• AIM OF THE TASK: Repeat each line of the material below exactly as it appears, minus any pictures.

• SUPPLIED DATA:
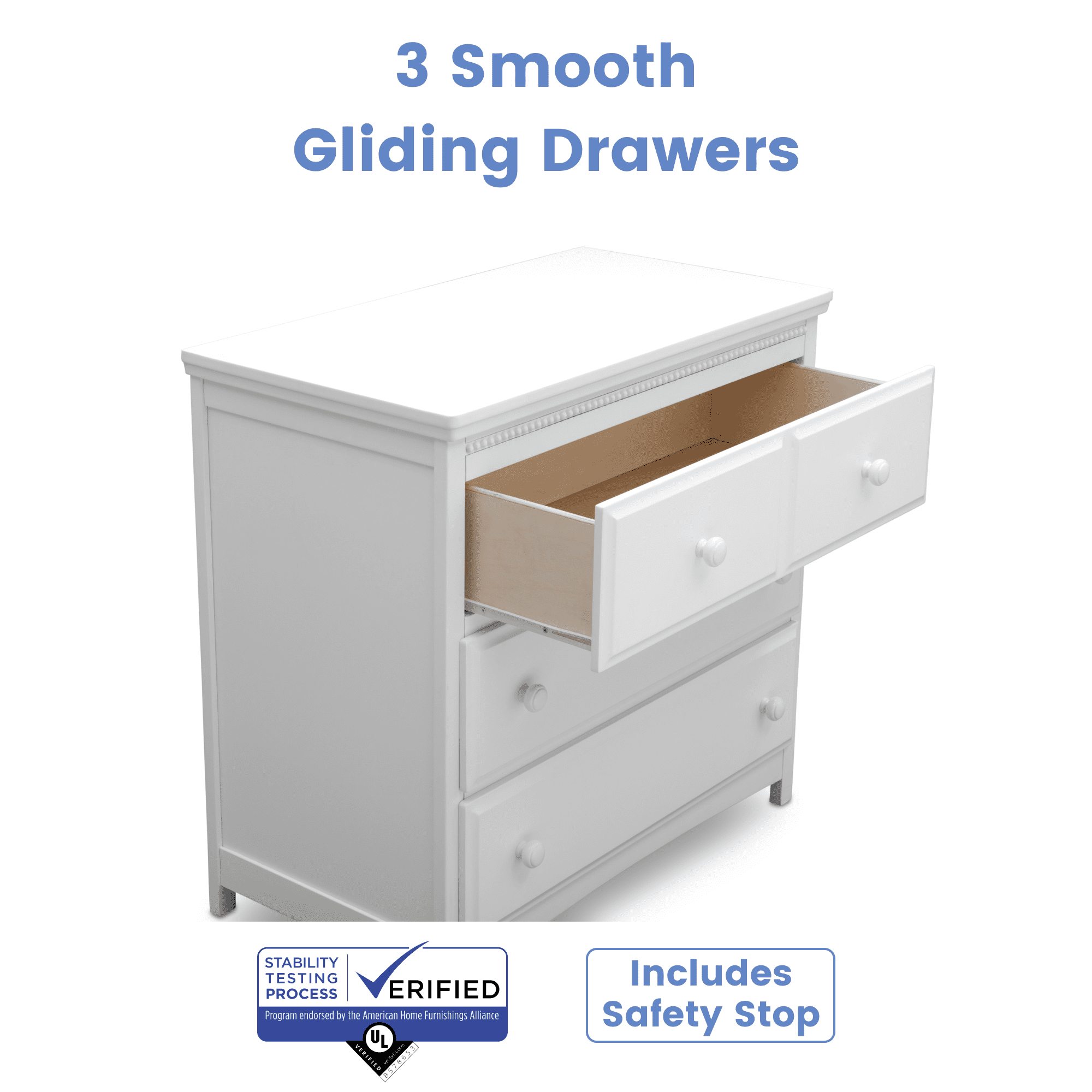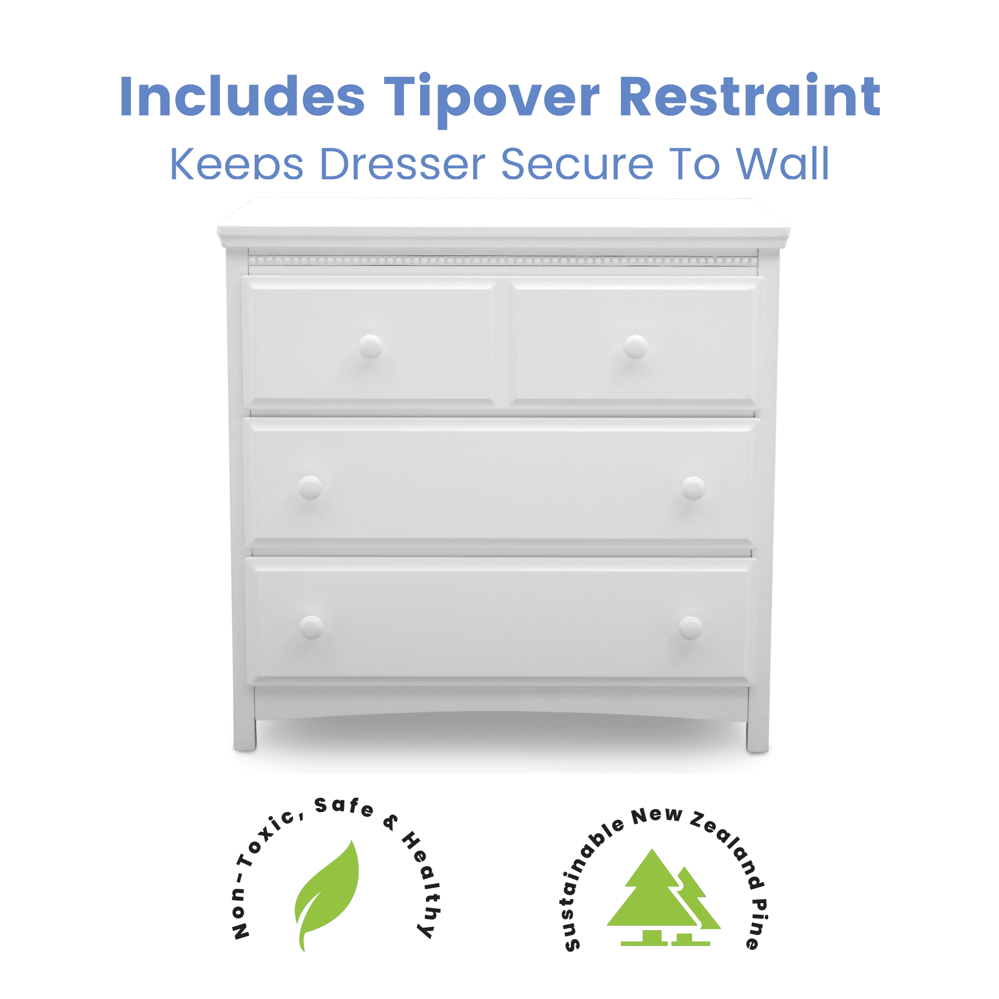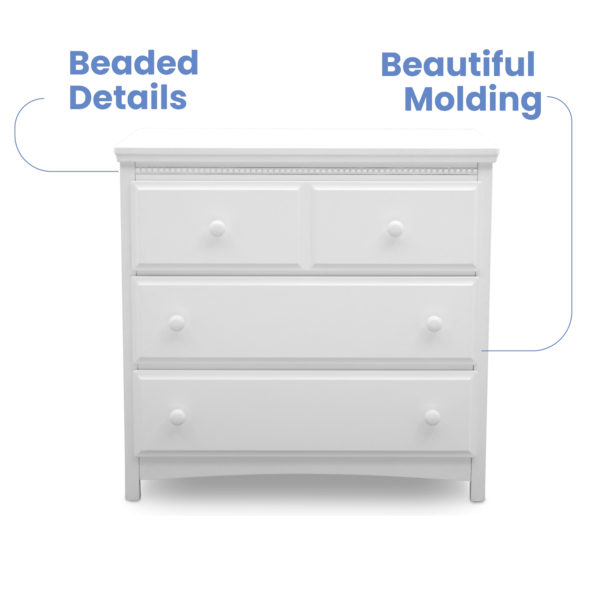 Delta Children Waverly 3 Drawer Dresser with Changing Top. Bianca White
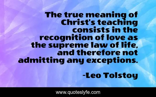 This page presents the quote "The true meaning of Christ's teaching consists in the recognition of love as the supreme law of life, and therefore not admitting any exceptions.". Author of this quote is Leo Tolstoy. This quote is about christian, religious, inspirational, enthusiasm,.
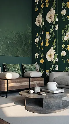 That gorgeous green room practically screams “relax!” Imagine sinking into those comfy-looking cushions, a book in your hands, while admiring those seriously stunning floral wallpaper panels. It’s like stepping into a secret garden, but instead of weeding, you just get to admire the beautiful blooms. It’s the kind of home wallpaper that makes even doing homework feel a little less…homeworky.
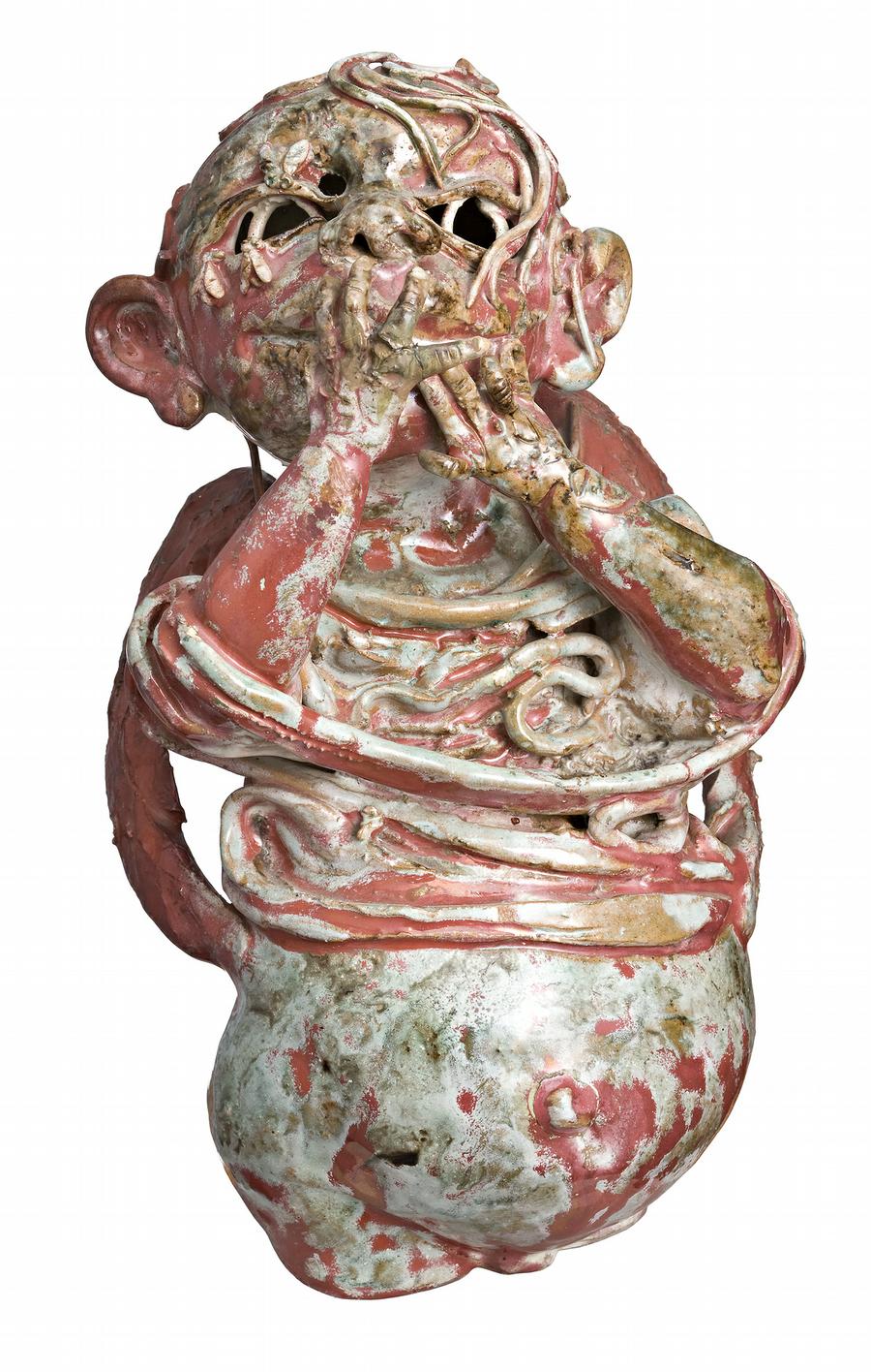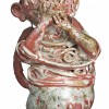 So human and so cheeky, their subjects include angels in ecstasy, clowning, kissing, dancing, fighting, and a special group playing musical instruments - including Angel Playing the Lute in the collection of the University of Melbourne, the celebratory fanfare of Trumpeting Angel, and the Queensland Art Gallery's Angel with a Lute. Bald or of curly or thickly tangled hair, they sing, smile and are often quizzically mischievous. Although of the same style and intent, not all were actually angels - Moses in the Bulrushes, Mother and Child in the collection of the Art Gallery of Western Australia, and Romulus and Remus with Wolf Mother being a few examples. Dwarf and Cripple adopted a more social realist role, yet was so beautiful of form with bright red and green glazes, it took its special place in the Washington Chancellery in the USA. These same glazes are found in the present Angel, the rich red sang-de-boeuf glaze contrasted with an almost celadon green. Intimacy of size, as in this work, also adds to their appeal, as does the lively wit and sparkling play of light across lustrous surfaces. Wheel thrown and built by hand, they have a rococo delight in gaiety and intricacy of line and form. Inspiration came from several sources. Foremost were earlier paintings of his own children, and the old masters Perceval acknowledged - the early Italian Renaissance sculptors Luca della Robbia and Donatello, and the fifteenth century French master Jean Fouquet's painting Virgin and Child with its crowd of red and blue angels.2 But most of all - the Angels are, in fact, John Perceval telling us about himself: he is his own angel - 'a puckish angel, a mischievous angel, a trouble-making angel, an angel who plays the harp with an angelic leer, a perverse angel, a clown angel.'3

• SOLUTION TO THIS EXERCISE:
 Delta Children Waverly 3 Drawer Dresser with Changing Top. Bianca White
 This page presents the quote "The true meaning of Christ's teaching consists in the recognition of love as the supreme law of life, and therefore not admitting any exceptions.". Author of this quote is Leo Tolstoy. This quote is about christian, religious, inspirational, enthusiasm,.
 That gorgeous green room practically screams “relax!” Imagine sinking into those comfy-looking cushions, a book in your hands, while admiring those seriously stunning floral wallpaper panels. It’s like stepping into a secret garden, but instead of weeding, you just get to admire the beautiful blooms. It’s the kind of home wallpaper that makes even doing homework feel a little less…homeworky.
 So human and so cheeky, their subjects include angels in ecstasy, clowning, kissing, dancing, fighting, and a special group playing musical instruments - including Angel Playing the Lute in the collection of the University of Melbourne, the celebratory fanfare of Trumpeting Angel, and the Queensland Art Gallery's Angel with a Lute. Bald or of curly or thickly tangled hair, they sing, smile and are often quizzically mischievous. Although of the same style and intent, not all were actually angels - Moses in the Bulrushes, Mother and Child in the collection of the Art Gallery of Western Australia, and Romulus and Remus with Wolf Mother being a few examples. Dwarf and Cripple adopted a more social realist role, yet was so beautiful of form with bright red and green glazes, it took its special place in the Washington Chancellery in the USA. These same glazes are found in the present Angel, the rich red sang-de-boeuf glaze contrasted with an almost celadon green. Intimacy of size, as in this work, also adds to their appeal, as does the lively wit and sparkling play of light across lustrous surfaces. Wheel thrown and built by hand, they have a rococo delight in gaiety and intricacy of line and form. Inspiration came from several sources. Foremost were earlier paintings of his own children, and the old masters Perceval acknowledged - the early Italian Renaissance sculptors Luca della Robbia and Donatello, and the fifteenth century French master Jean Fouquet's painting Virgin and Child with its crowd of red and blue angels.2 But most of all - the Angels are, in fact, John Perceval telling us about himself: he is his own angel - 'a puckish angel, a mischievous angel, a trouble-making angel, an angel who plays the harp with an angelic leer, a perverse angel, a clown angel.'3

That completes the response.